Fig. 91.2, Curvilinear regression analysis between total serum bilirubin (STB) values and the combined effect of bilirubin production and conjugation, reflected by the bilirubin production/conjugation index COHbc /( TCB [%]). Increasing values of STB correlated positively to this index ( r = 0.61; s = 39.1; y = 32.1 + 132.1 x – 45.8 x 2 + 4.6 x 3 ).

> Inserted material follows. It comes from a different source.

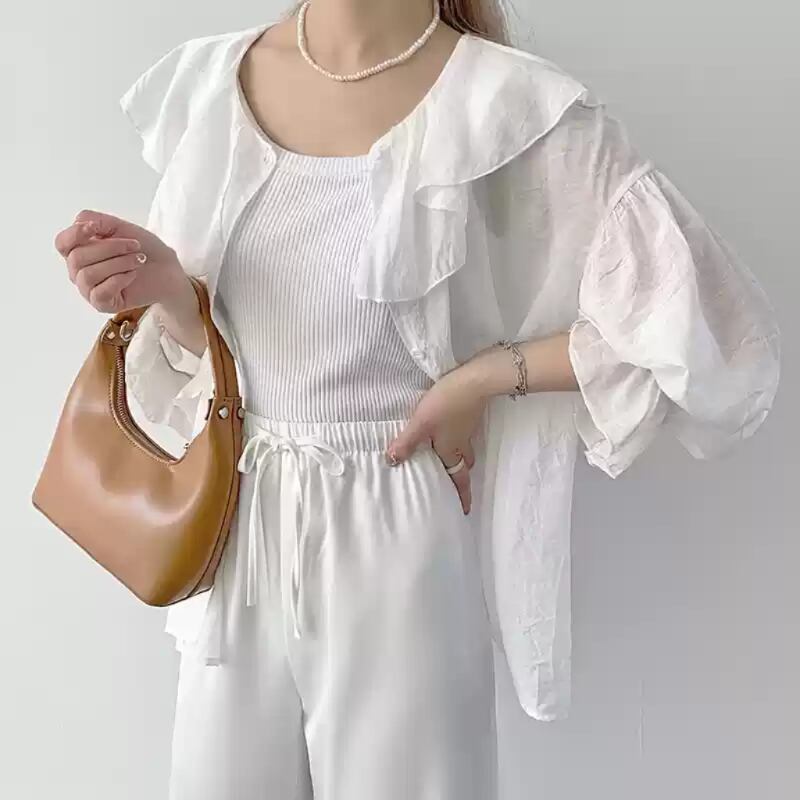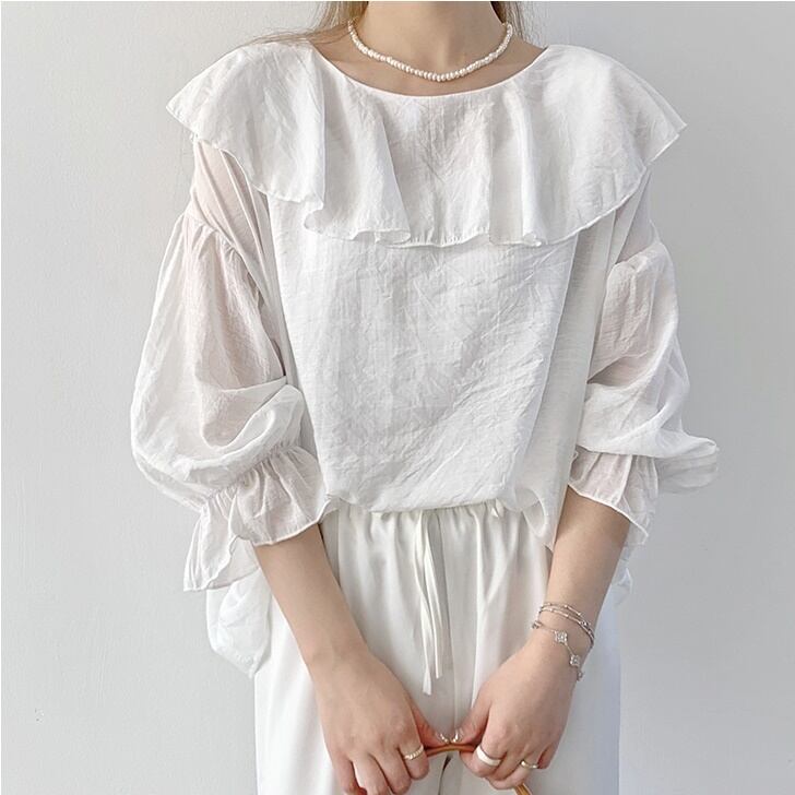 バルーン袖がフェミニンな印象を与え、どんなシーンでも活躍するアイテムです。

Genetically Determined Metabolic Steps on the Pathway From Heme to Conjugated Bilirubin

Heme Oxygenase-1

Heme oxygenase-1 (HO-1) is the rate-limiting enzyme in the heme degradation pathway. Biliverdin, which is formed as a result of this reaction, is subsequently converted to bilirubin. It is logical, therefore, to expect that increased activity of HO-1 should lead to increased heme catabolism and thereby enhanced bilirubin production. The gene encoding HO-1, the inducible isoform of HO, has a polymorphic dinucleotide guanine thymine repeat (GT) n in the promoter region. , This regulatory region modulates gene transcription. Expression of HO-1 is enhanced by a lower number of (GT) n repeats. Therefore, short HO-1 promoter sequences should be associated with increased HO activity and lead to increased bilirubin production.

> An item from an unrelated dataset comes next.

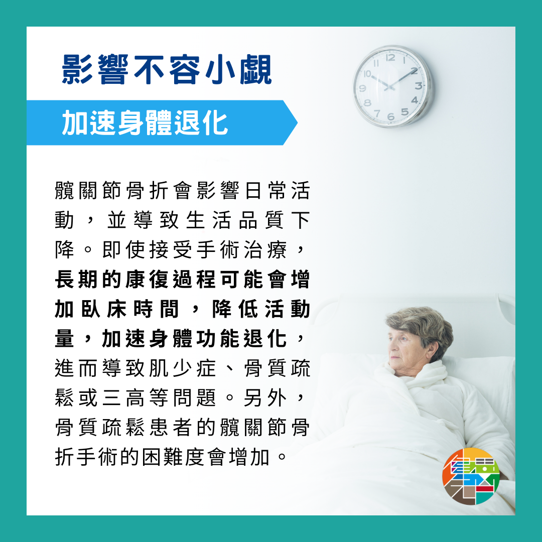所以我們要注意髖關節骨折的問題,它除了會影響日常的移動、造成生活品質的下降。即使透過開刀治療,後續長時間的恢復復健,容易使得臥床時間變長、活動量變少,導致身體功能退化加劇,甚至造成肌少症、骨質疏鬆或是三高等問題。此外,骨質疏鬆症的患者受傷後,也會增加髖關節骨折手術的困難度。

(GT) n promoter repeat lengths range from 12 to 40 repeats with a bimodal distribution at or around 23 and 30 repeats ( Fig. 91.3 ). , This has allowed the identification of three subclasses according to the number of (GT) n repeats: fewer than 25 repeats (short); between 25 and 30 repeats (medium); and more than 30 repeats (long). The impact of various (GT) n repeat lengths on the transcriptional activity of the HO-1 promoter has been studied. Compared with constructs with greater than 25 repeats, those with fewer than 25 repeats showed increased HO-1 promoter activity, , , HO-1 messenger RNA (mRNA) expression, and enzyme activity. HO-1 (GT) n allele length combinations have been used to designate promoter genotypes including short/short, short/medium, short/long, medium/medium, medium/long, and long/long.

Fig. 91.3, Distribution of HO-1 promoter (GT) n repeats according to allele length of 199 newborns. Note the bimodal distribution similar to other population groups (see text).

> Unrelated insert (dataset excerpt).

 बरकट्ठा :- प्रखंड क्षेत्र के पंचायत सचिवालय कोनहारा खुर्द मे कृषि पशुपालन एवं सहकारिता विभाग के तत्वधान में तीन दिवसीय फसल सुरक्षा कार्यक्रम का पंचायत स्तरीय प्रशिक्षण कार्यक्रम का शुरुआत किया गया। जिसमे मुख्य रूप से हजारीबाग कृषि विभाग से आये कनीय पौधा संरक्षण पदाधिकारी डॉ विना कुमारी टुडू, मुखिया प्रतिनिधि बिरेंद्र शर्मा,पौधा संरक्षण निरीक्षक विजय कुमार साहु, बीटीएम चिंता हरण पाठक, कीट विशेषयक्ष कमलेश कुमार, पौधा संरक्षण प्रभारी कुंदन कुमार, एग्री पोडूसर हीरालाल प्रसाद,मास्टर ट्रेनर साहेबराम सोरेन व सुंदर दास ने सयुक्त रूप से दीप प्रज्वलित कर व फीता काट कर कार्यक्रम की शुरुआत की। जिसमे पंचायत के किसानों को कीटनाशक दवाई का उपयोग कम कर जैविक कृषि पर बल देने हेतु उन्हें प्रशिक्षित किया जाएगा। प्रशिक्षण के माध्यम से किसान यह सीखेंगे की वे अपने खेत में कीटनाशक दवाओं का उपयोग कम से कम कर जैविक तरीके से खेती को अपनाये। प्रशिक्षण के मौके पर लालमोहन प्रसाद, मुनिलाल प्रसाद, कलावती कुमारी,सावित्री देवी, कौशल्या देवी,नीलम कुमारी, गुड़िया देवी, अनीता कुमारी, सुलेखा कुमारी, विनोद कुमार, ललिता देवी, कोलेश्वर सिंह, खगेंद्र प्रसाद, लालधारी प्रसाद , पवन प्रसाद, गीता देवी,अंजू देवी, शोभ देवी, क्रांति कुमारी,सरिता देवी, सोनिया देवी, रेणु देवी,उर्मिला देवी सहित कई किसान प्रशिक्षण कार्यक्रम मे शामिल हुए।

Variations in the distributions of the short, medium, and long promoter length sequences may be due to ethnicity or classification differences. Thus the distribution of short, medium, and long promoter alleles differed significantly in three separate studies. , , However, the data are not entirely clear because the exact cutoff points defining short, medium, and long (GT) n alleles are somewhat arbitrary. This is a key issue because only the short allele is likely to affect heme catabolism. It is unlikely that variation in the cutoff point between the medium and long alleles would have a significant effect on the variation in bilirubin levels between studies.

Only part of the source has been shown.